Expansion of sensory competence at later stages

Because the effects of atoh1a misexpression become severely limited at later stages of development, we asked whether co-misexpression of fgf8 or sox2 can enhance sensory competence after 24 hpf. In an initial series of experiments, we observed that delivering two heat shocks separated by either a 2- or 3-hour rest interval was optimal for increasing hair cell production, whereas two heat shocks separated by a 4-hour rest interval gave results that were indistinguishable from a single heat shock. Delivering a third heat shock offered no advantage relative to two heat shocks. For all experiments below, embryos were subjected to two heat shocks separated by a 3-hour rest interval, and sensory development was examined 24 hours after the final heat shock.

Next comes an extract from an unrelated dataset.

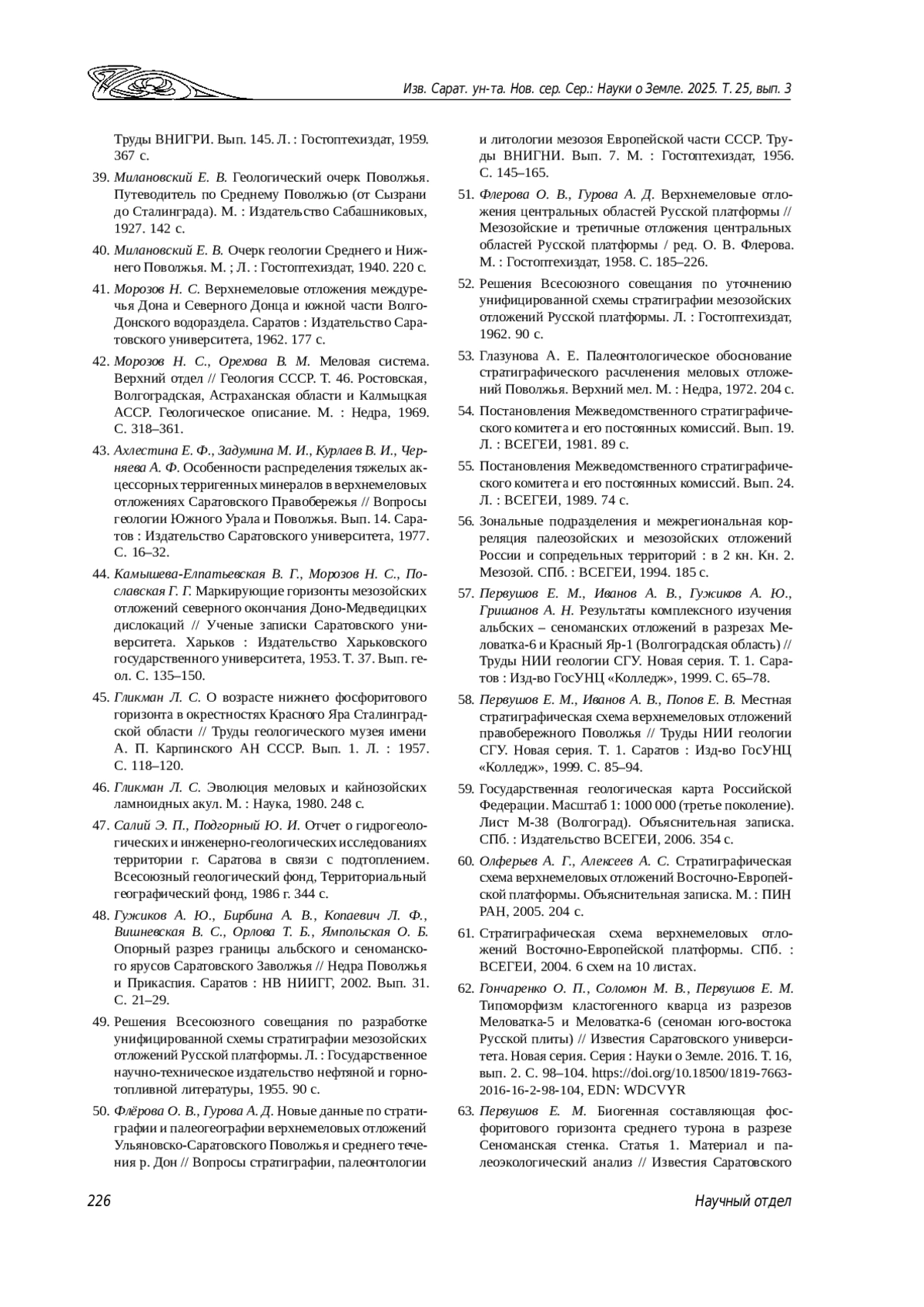 3. 	Зозырев Н. Ю. Меловатская свита (сеноман правобережного Поволжья): новые данные по стратиграфическому положению и объему // Известия Саратовского университета. Новая серия. Серия: Науки о Земле. 2006. Т. 6, вып. 1. С. 31-39. ,. DOI: 10.18500/1819-7663-2006-6-1-31-39 EDN: JVXVJB

Serial activation of hs:atoh1a at 24 hpf or 45 hpf yielded greater production of excess and ectopic hair cells than a single heat shock. However, production of ectopic hair cells was still mostly seen in the medial and ventral portions of the otic vesicle (Fig. 7D, E). Formation of hair cells in the lateral wall was rare, with an average of about 2 ± 2 lateral-wall hair cells per otic vesicle (n=13) (Fig. S4). Semicircular canals failed to form normally under these conditions, suggesting perturbation of non-sensory development. Serial co-activation of hs:atoh1a and hs:fgf8 after 24 hpf did not appreciably expand the domain of sensory development compared to serial activation of hs:atoh1a alone (not shown). In contrast, serial co-activation of hs:atoh1a and hs:sox2 beginning at 24 hpf or 45 hpf led to a marked increase in hair cell production, including in the lateral wall of the otic vesicle (Fig. 7G, H). On average 9 ± 3 hair cells were observed in the lateral wall per otic vesicle (n=12) (Fig. S4). Ectopic hair cells usually formed as widely scattered single cells or small clusters. The epithelium surrounding ectopic hair cells was notably thickened and exhibited a pseudostratified morphology (compare Fig. 7C, F, I). Additionally, small patches of sox2 expression were usually detected near ectopic hair cells, suggesting the presence of support cells (Fig. 7I). Excess and ectopic hair cells were not observed following activation of hs:sox2 alone, nor in control embryos (Fig. S4 and Millimaki et al., 2010). Thus, co-misexpression of sox2 plus atoh1a can significantly enhance sensory competence at later stages of development.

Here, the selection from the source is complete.